Work instruction:
Each line of data below must be printed exactly as written, with any pictures removed.

Stored data:
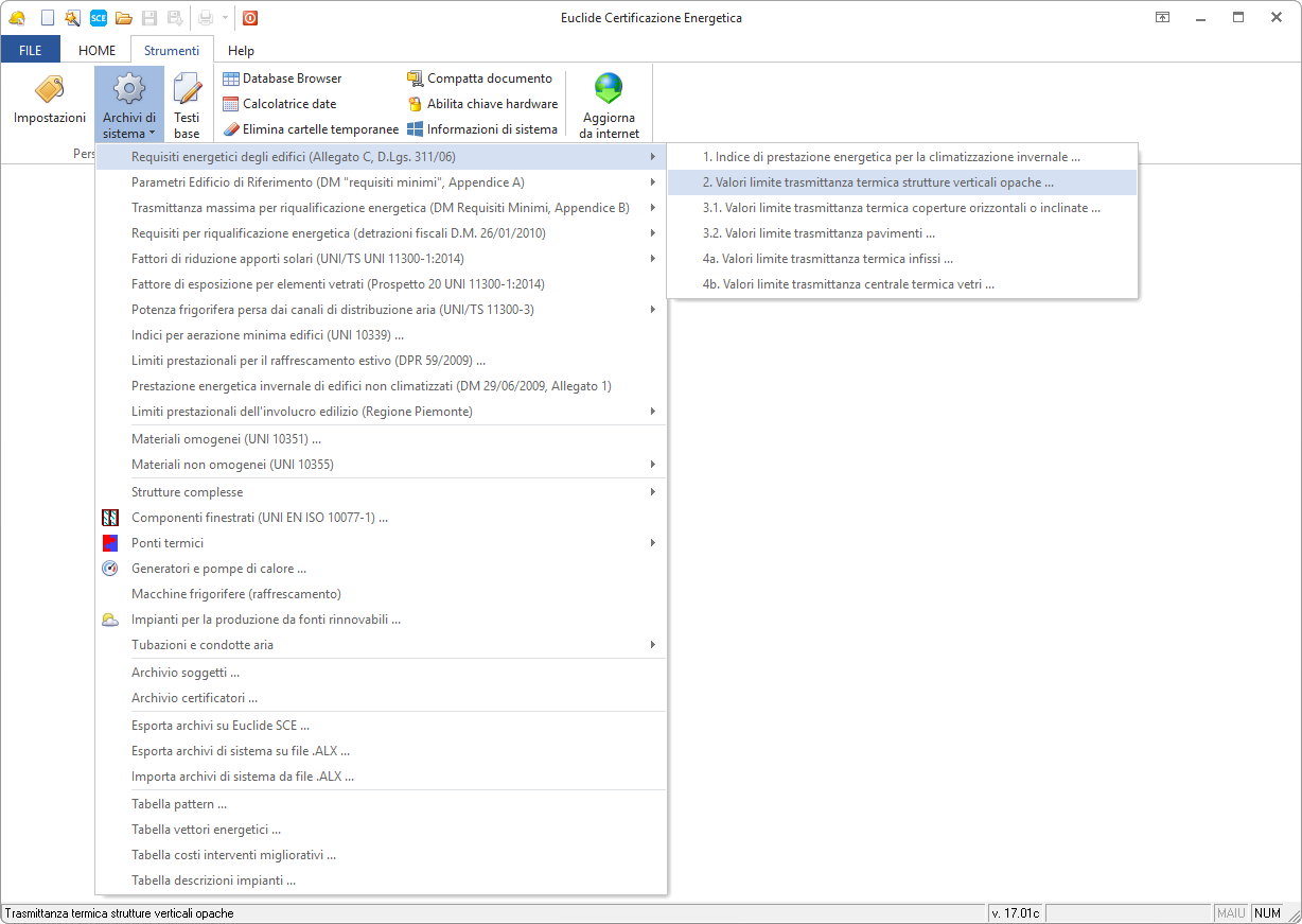 L'accesso all'archivio avviene tramite il comando Strumenti | Archivi di sistema | Requisiti energetici degli edifici | Valori limite della trasmittanza termica delle strutture verticali opache....
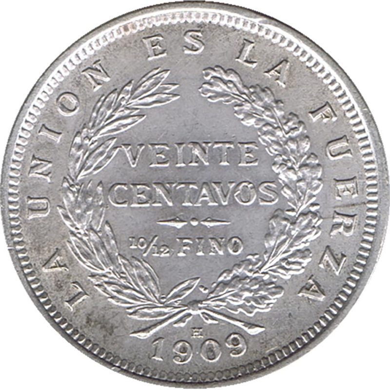 En el anverso: Leyenda "La Union es la Fuerza", Veinte centavos y año 1909.
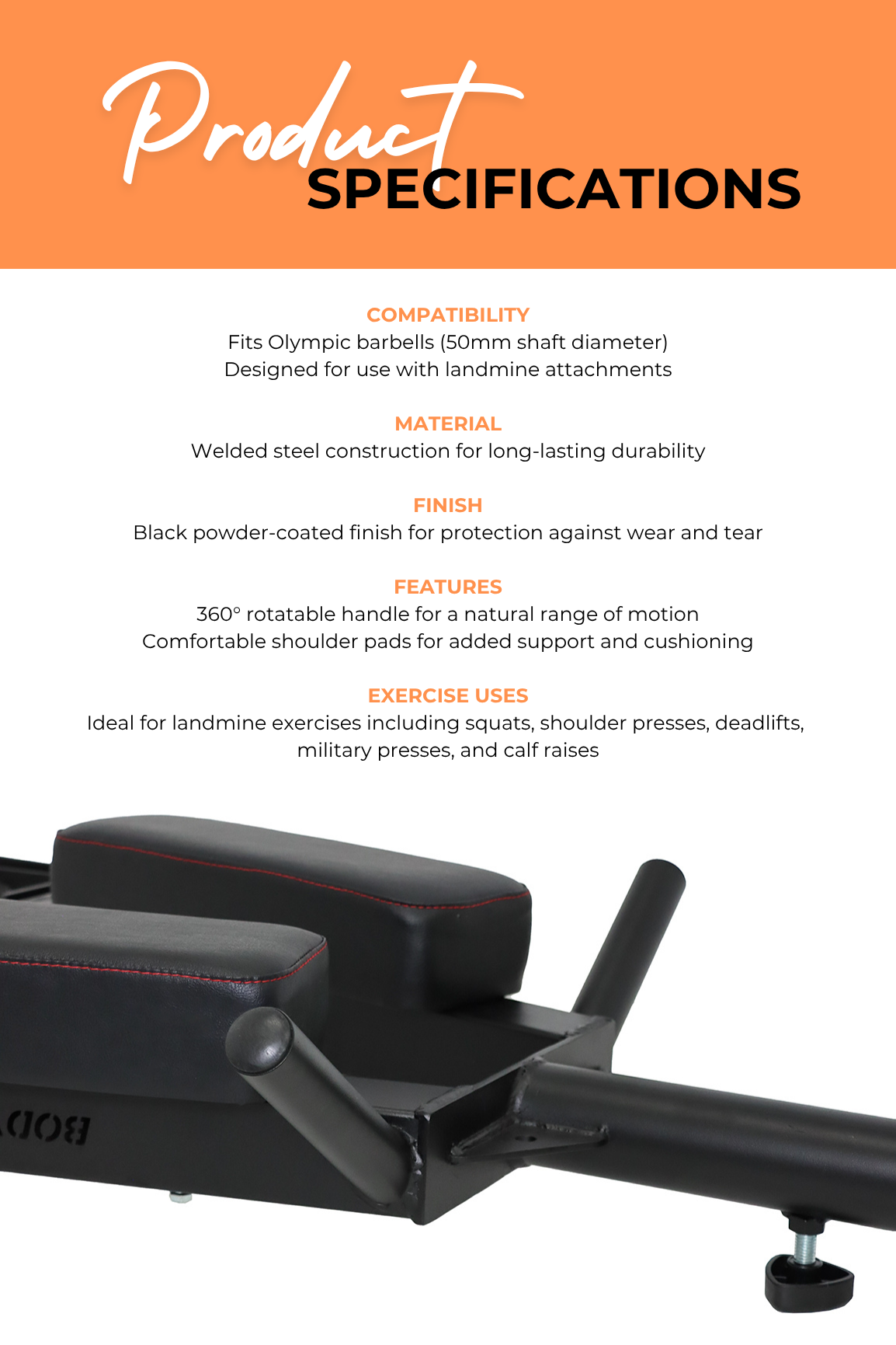Designed to slip over the end of an Olympic barbell, the Body Iron Shoulder Multi-Grip handle offers a way to engage in a much easier and more natural movement pattern for perform various landmine exercises, such as squat and shoulder press variations, deadlifts and military presses.
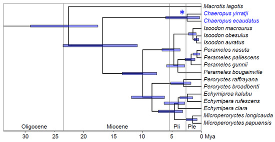 Molecular dated evolutionary timescale for peramelemorphian evolution, inferred in BEAST on the MtNuc26 data matrix with Cytb 3rd codon positions RY coded. Blue bars show 95% highest posterior density for node ages. The asterisk indicates the approximate age of Chaeropus baynesi from the Fisherman’s Cliff Local Fauna. Outgroup taxa and divergence times are provided in the Supplementary Information. Abbreviations: Pli; Pliocene, Ple; Pleistocene.

Exercise result:
 L'accesso all'archivio avviene tramite il comando Strumenti | Archivi di sistema | Requisiti energetici degli edifici | Valori limite della trasmittanza termica delle strutture verticali opache....
 En el anverso: Leyenda "La Union es la Fuerza", Veinte centavos y año 1909.
Designed to slip over the end of an Olympic barbell, the Body Iron Shoulder Multi-Grip handle offers a way to engage in a much easier and more natural movement pattern for perform various landmine exercises, such as squat and shoulder press variations, deadlifts and military presses.
 Molecular dated evolutionary timescale for peramelemorphian evolution, inferred in BEAST on the MtNuc26 data matrix with Cytb 3rd codon positions RY coded. Blue bars show 95% highest posterior density for node ages. The asterisk indicates the approximate age of Chaeropus baynesi from the Fisherman’s Cliff Local Fauna. Outgroup taxa and divergence times are provided in the Supplementary Information. Abbreviations: Pli; Pliocene, Ple; Pleistocene.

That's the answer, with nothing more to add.